| Assignment |
From the first line to the last, restate the data exactly, leaving out the images.

| Information shown |
*** Block opens ***

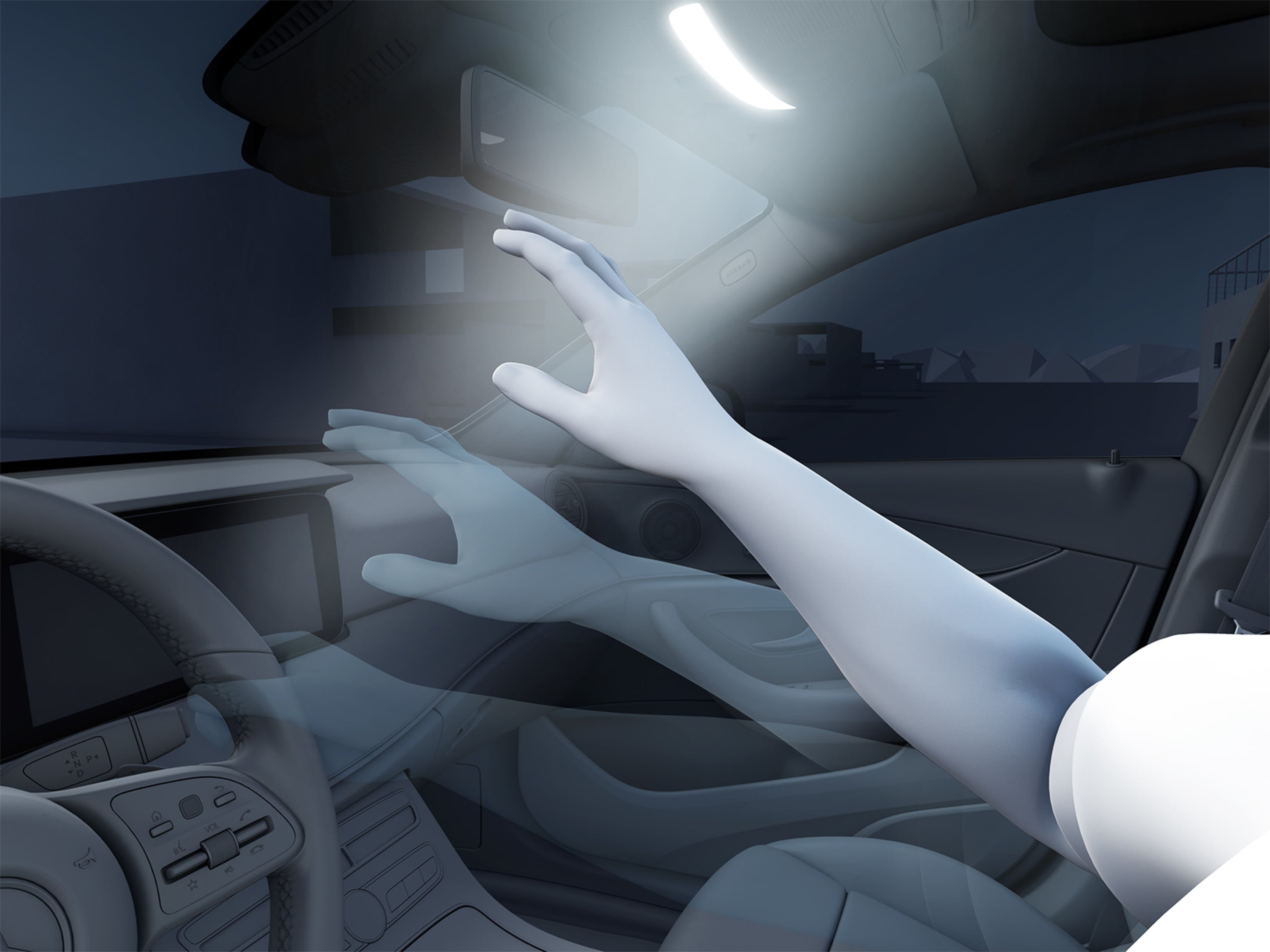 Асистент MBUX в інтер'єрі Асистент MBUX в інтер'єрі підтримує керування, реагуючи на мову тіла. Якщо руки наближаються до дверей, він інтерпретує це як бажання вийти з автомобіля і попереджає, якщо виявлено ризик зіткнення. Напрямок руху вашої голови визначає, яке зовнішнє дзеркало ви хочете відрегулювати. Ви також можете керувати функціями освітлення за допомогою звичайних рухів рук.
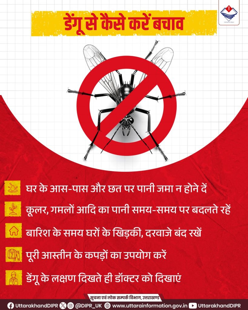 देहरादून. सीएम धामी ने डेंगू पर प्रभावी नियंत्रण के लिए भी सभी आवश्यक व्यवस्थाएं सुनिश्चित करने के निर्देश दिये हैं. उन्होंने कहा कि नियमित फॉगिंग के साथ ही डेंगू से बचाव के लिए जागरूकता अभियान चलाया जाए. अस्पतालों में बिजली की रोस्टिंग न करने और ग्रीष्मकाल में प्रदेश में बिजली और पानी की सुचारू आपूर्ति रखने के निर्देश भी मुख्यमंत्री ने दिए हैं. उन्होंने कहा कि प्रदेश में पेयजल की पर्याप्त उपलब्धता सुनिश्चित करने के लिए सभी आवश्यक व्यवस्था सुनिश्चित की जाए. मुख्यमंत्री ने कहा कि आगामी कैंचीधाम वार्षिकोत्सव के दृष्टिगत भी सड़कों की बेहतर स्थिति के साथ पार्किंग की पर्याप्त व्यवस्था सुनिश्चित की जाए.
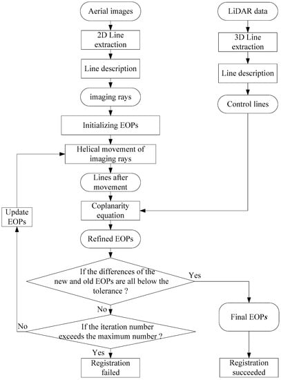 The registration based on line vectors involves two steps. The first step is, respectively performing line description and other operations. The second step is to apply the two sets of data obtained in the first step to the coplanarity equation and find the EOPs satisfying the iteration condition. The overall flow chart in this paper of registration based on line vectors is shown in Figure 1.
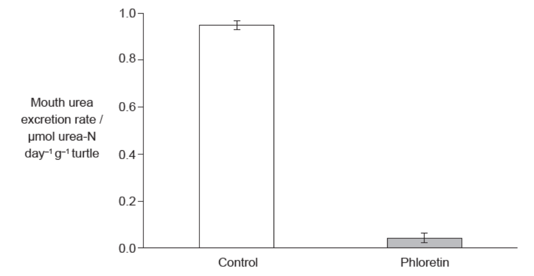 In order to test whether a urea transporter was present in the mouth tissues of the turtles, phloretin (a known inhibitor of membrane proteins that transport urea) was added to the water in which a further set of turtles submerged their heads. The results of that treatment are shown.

*** Block closes ***

| Your solution |
 Асистент MBUX в інтер'єрі Асистент MBUX в інтер'єрі підтримує керування, реагуючи на мову тіла. Якщо руки наближаються до дверей, він інтерпретує це як бажання вийти з автомобіля і попереджає, якщо виявлено ризик зіткнення. Напрямок руху вашої голови визначає, яке зовнішнє дзеркало ви хочете відрегулювати. Ви також можете керувати функціями освітлення за допомогою звичайних рухів рук.
 देहरादून. सीएम धामी ने डेंगू पर प्रभावी नियंत्रण के लिए भी सभी आवश्यक व्यवस्थाएं सुनिश्चित करने के निर्देश दिये हैं. उन्होंने कहा कि नियमित फॉगिंग के साथ ही डेंगू से बचाव के लिए जागरूकता अभियान चलाया जाए. अस्पतालों में बिजली की रोस्टिंग न करने और ग्रीष्मकाल में प्रदेश में बिजली और पानी की सुचारू आपूर्ति रखने के निर्देश भी मुख्यमंत्री ने दिए हैं. उन्होंने कहा कि प्रदेश में पेयजल की पर्याप्त उपलब्धता सुनिश्चित करने के लिए सभी आवश्यक व्यवस्था सुनिश्चित की जाए. मुख्यमंत्री ने कहा कि आगामी कैंचीधाम वार्षिकोत्सव के दृष्टिगत भी सड़कों की बेहतर स्थिति के साथ पार्किंग की पर्याप्त व्यवस्था सुनिश्चित की जाए.
 The registration based on line vectors involves two steps. The first step is, respectively performing line description and other operations. The second step is to apply the two sets of data obtained in the first step to the coplanarity equation and find the EOPs satisfying the iteration condition. The overall flow chart in this paper of registration based on line vectors is shown in Figure 1.
 In order to test whether a urea transporter was present in the mouth tissues of the turtles, phloretin (a known inhibitor of membrane proteins that transport urea) was added to the water in which a further set of turtles submerged their heads. The results of that treatment are shown.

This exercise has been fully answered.